─── Excerpted records

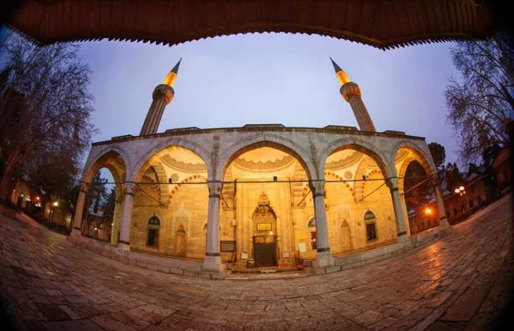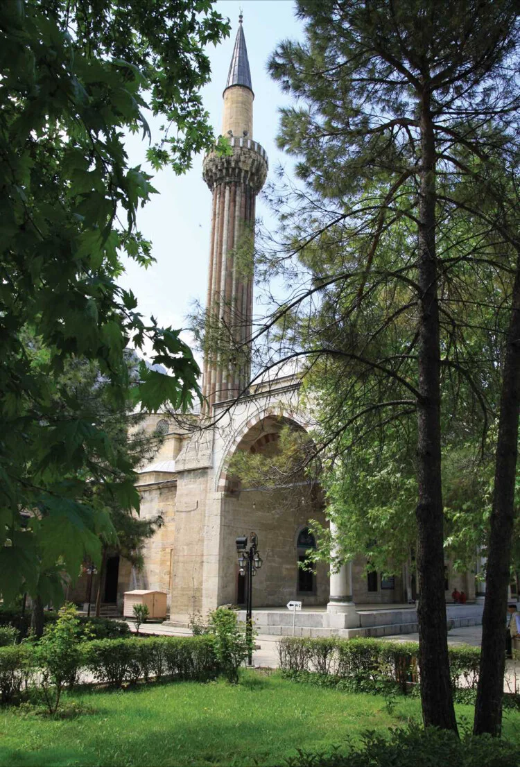 Yan mekânlı ya da zaviyeli cami mimarisinin seçkin örneklerinden biri olan cami, ortada büyük bir kemerle ayrılan iki kare mekânla, doğu ve batı yanlarda üçer kubbeli yan mekânlardan oluşur. Orta mekânı, sekizgen kasnaklarında 16’şar pencere bulunan iki büyük kubbe örter. Kubbe içi ve pencere kemerlerinin üzeri zengin kalem işleri ile süslenmiştir. Ahşap pencere kanatları 15’inci yüzyıl ahşap kündekârî tekniğinin güzel örneklerindendir. Kuzeydeki son cemaat yeri, beş sivri kemerin taşıdığı beş kubbe ile örtülüdür. Son cemaat yerindeki pencere üstleri mavi beyaz çini panolarla süslenmiştir. Buranın iki ucunda yükselen tek şerefeli iki minareden doğudakinin gövdesi dikine yivli, batıdakinin gövdesi ise zikzak taş dekorludur. Caminin mukarnas süslemeli, ihtişamlı taç kapısı üzerindeki üç satırlık mermer kitabe Hattat Ali bin Mezid’in eseridir. Avlu ortasında yer alan 12 kenarlı şadırvan, 12 sütunun taşıdığı, 12 yüzlü sivri piramit bir çatıyla örtülüdür.
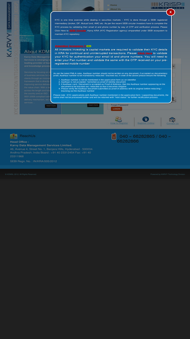87%cams kra provides kyc services by cams, mutual fund trasfer agency. update, change, store kyc information for mutual fund investment
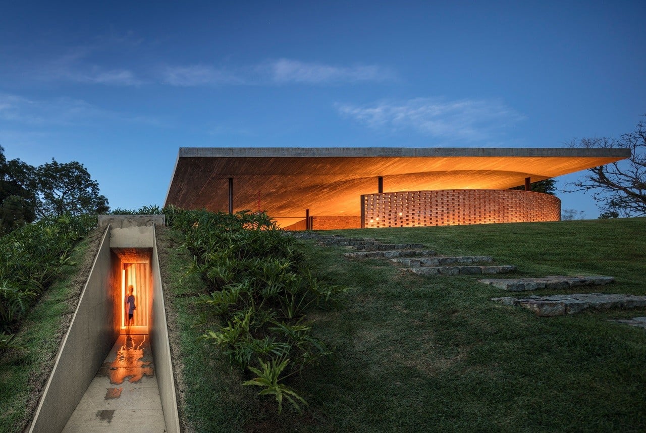 “A radical exercise in horizontality,” the Planar House is a cleverly-built dwelling with a massive green roof mimicking the surrounding lawn. The living roof not also provides energy efficiency (solar panels and insulation), it also doubles as an exquisite lounge area with arresting views.
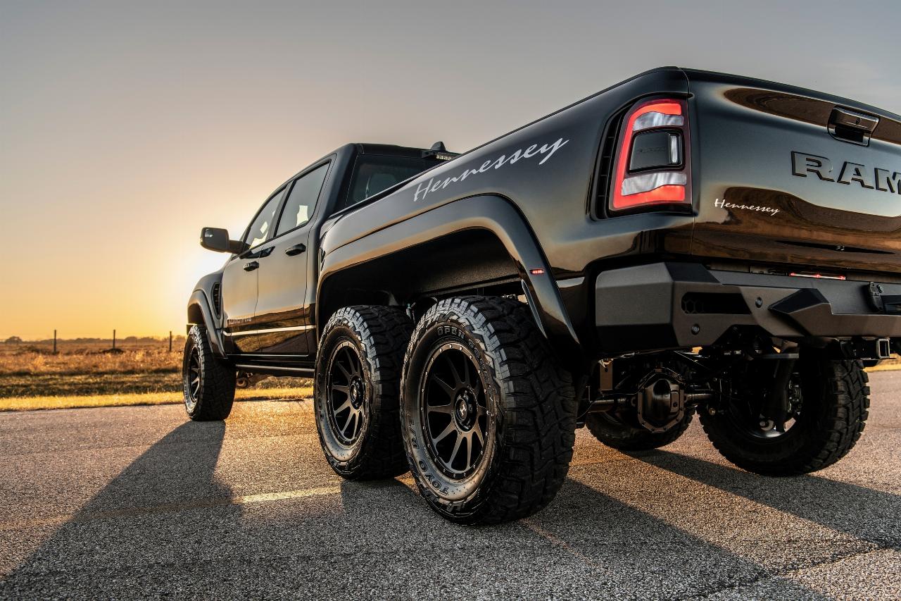 Hennessey aus Texas hat sein bislang mächtigstes Fahrzeug entwickelt. Der Pick-up Mammoth 1000 6x6 TRX ist nicht nur 7,19 Meter lang und hat drei Achsen, sondern er verfügt auch über eine Leistung von 1012 PS und 1314 Newtonmeter Drehmoment. Basis für den High-Performance-Pritschenwagen ist der Dodge Ram TRX, dessen 6,2-Liter-V8-Hellcat-Motor im Hennessey dank Kompressor über 300 zusätzliche PS mobilisiert. Der Preis für den Mammoth beträgt knapp 450.000 US-Dollar (rund 416.000 Euro). (aum)
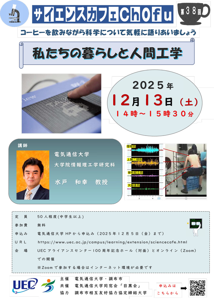 | 申込方法 | こちらの申込みフォームよりお申込みください。 サイエンスカフェChofu申込みフォーム 申込期間:2025年11月5日(水)から2025年12月5日(金)まで |
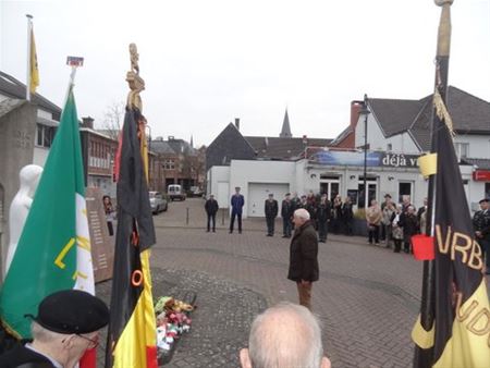 De hoofdviering van de herdenking van de Wapenstilstand vindt dit jaar in Zolder plaats. Maar voor de eucharistieviering en plechtigheid daar begon, zakten de officiële delegaties naar het monument in Heusden af voor een groet en bloemenhulde. (foto's Julien Maebe)23278
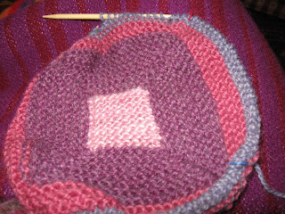 One round on a blanket square, just so I could say I did, because I have fallen prey to the unwelcome thought, "Just why do I, do we, do all this knitting, spinning, weaving anyway? What on earth is the point of this?"
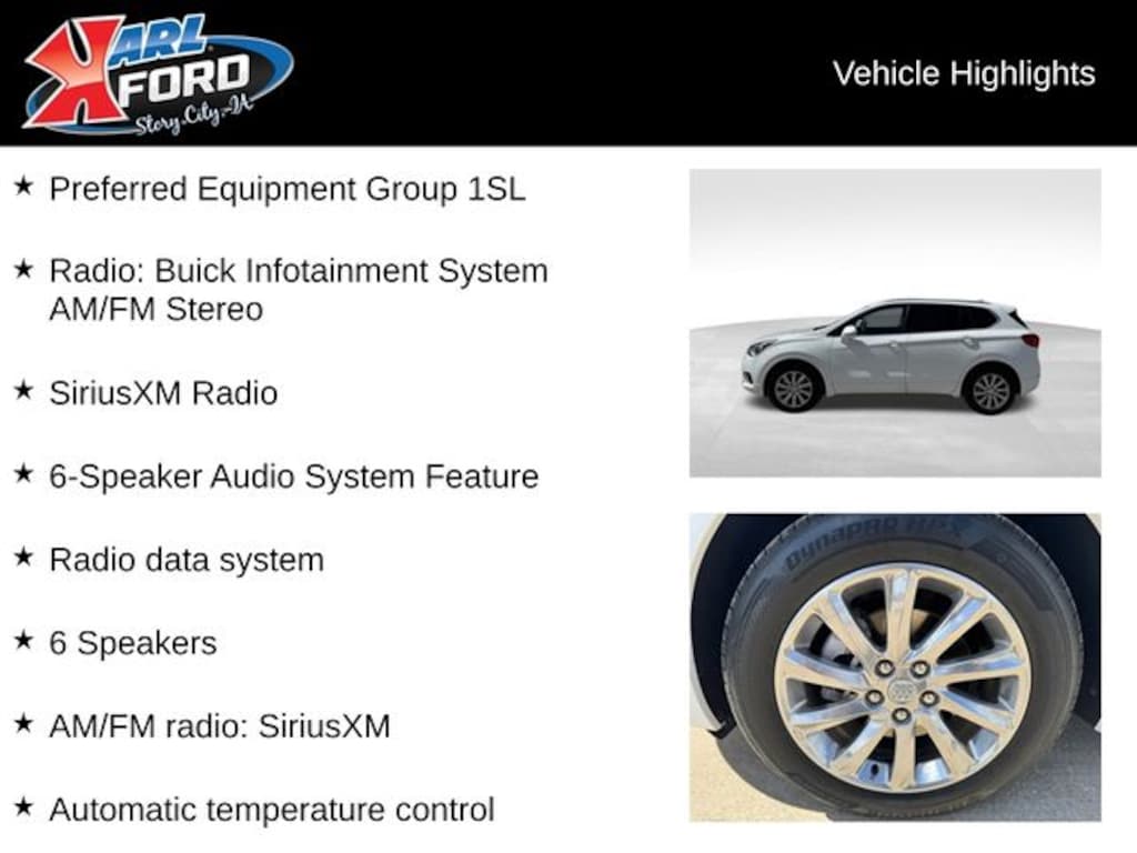 Your Dealer for Life, Karl Ford of Story City. When you buy a new car at Karl Ford of Story City you know you're finding a vehicle you can rely on. We have a great selection of new vehicles for you to test drive around Ames and Des Moines, IA. We also pride ourselves in creating a friendly atmosphere and reliable new car dealership that you can trust. Call us with any questions about our 2020 Buick Envision and our experts will be glad to help you! (515) 733-4364. *Equipment and options are generated by a 3rd party vendor, exact vehicle options may vary. Please see a salesperson for complete details and vehicle information.
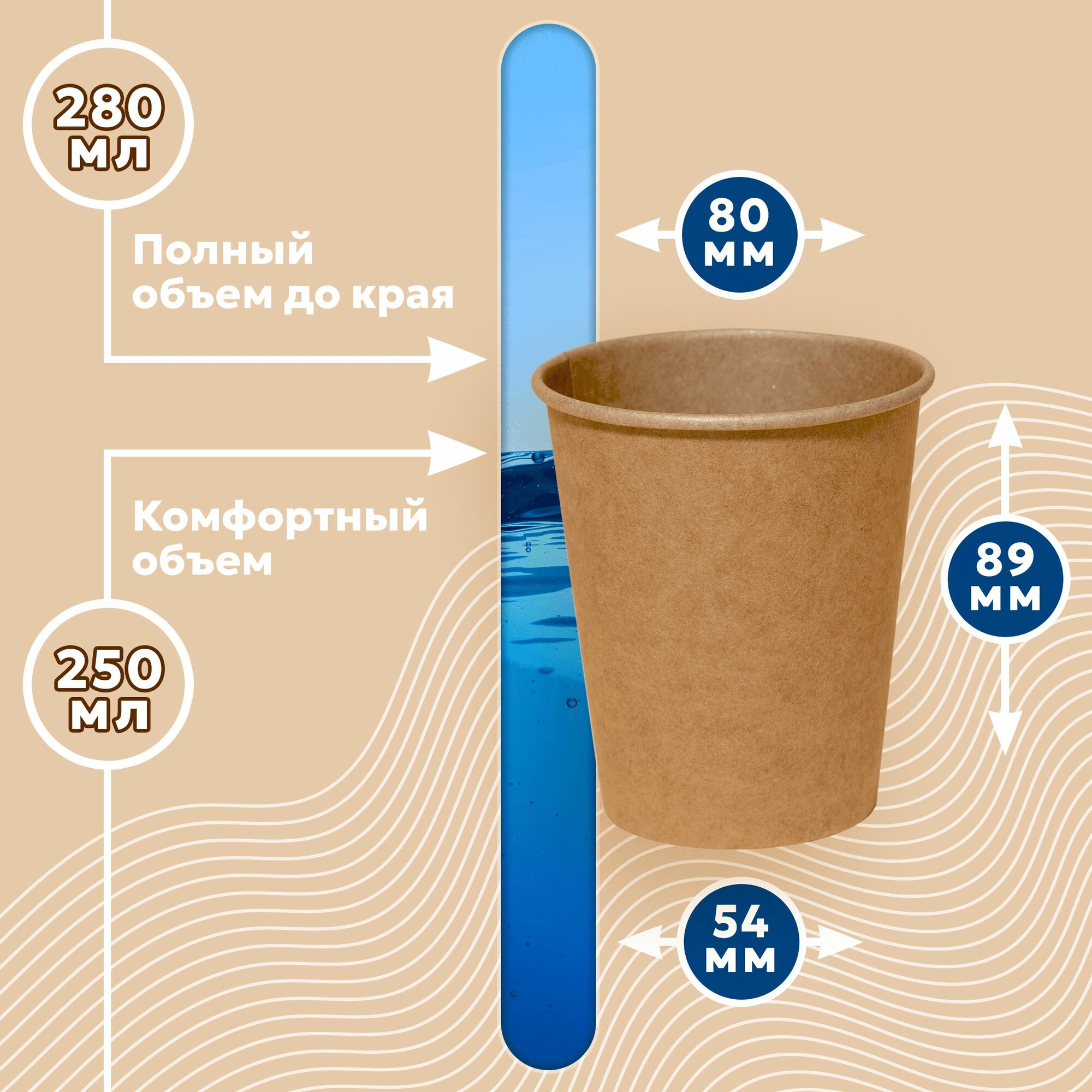 Набор одноразовых стаканов гриникс, объем 250 мл 50 шт. крафт, бумажные, однослойные, для кофе, чая, холодных и горячих напитков информация:

──────

- [Work required]
Retype all the entries exactly; drop the pictures.

- [Answer to this task]
 Yan mekânlı ya da zaviyeli cami mimarisinin seçkin örneklerinden biri olan cami, ortada büyük bir kemerle ayrılan iki kare mekânla, doğu ve batı yanlarda üçer kubbeli yan mekânlardan oluşur. Orta mekânı, sekizgen kasnaklarında 16’şar pencere bulunan iki büyük kubbe örter. Kubbe içi ve pencere kemerlerinin üzeri zengin kalem işleri ile süslenmiştir. Ahşap pencere kanatları 15’inci yüzyıl ahşap kündekârî tekniğinin güzel örneklerindendir. Kuzeydeki son cemaat yeri, beş sivri kemerin taşıdığı beş kubbe ile örtülüdür. Son cemaat yerindeki pencere üstleri mavi beyaz çini panolarla süslenmiştir. Buranın iki ucunda yükselen tek şerefeli iki minareden doğudakinin gövdesi dikine yivli, batıdakinin gövdesi ise zikzak taş dekorludur. Caminin mukarnas süslemeli, ihtişamlı taç kapısı üzerindeki üç satırlık mermer kitabe Hattat Ali bin Mezid’in eseridir. Avlu ortasında yer alan 12 kenarlı şadırvan, 12 sütunun taşıdığı, 12 yüzlü sivri piramit bir çatıyla örtülüdür.
87%cams kra provides kyc services by cams, mutual fund trasfer agency. update, change, store kyc information for mutual fund investment
 “A radical exercise in horizontality,” the Planar House is a cleverly-built dwelling with a massive green roof mimicking the surrounding lawn. The living roof not also provides energy efficiency (solar panels and insulation), it also doubles as an exquisite lounge area with arresting views.
 Hennessey aus Texas hat sein bislang mächtigstes Fahrzeug entwickelt. Der Pick-up Mammoth 1000 6x6 TRX ist nicht nur 7,19 Meter lang und hat drei Achsen, sondern er verfügt auch über eine Leistung von 1012 PS und 1314 Newtonmeter Drehmoment. Basis für den High-Performance-Pritschenwagen ist der Dodge Ram TRX, dessen 6,2-Liter-V8-Hellcat-Motor im Hennessey dank Kompressor über 300 zusätzliche PS mobilisiert. Der Preis für den Mammoth beträgt knapp 450.000 US-Dollar (rund 416.000 Euro). (aum)
 | 申込方法 | こちらの申込みフォームよりお申込みください。 サイエンスカフェChofu申込みフォーム 申込期間:2025年11月5日(水)から2025年12月5日(金)まで |
 De hoofdviering van de herdenking van de Wapenstilstand vindt dit jaar in Zolder plaats. Maar voor de eucharistieviering en plechtigheid daar begon, zakten de officiële delegaties naar het monument in Heusden af voor een groet en bloemenhulde. (foto's Julien Maebe)23278
 One round on a blanket square, just so I could say I did, because I have fallen prey to the unwelcome thought, "Just why do I, do we, do all this knitting, spinning, weaving anyway? What on earth is the point of this?"
 Your Dealer for Life, Karl Ford of Story City. When you buy a new car at Karl Ford of Story City you know you're finding a vehicle you can rely on. We have a great selection of new vehicles for you to test drive around Ames and Des Moines, IA. We also pride ourselves in creating a friendly atmosphere and reliable new car dealership that you can trust. Call us with any questions about our 2020 Buick Envision and our experts will be glad to help you! (515) 733-4364. *Equipment and options are generated by a 3rd party vendor, exact vehicle options may vary. Please see a salesperson for complete details and vehicle information.
 Набор одноразовых стаканов гриникс, объем 250 мл 50 шт. крафт, бумажные, однослойные, для кофе, чая, холодных и горячих напитков информация:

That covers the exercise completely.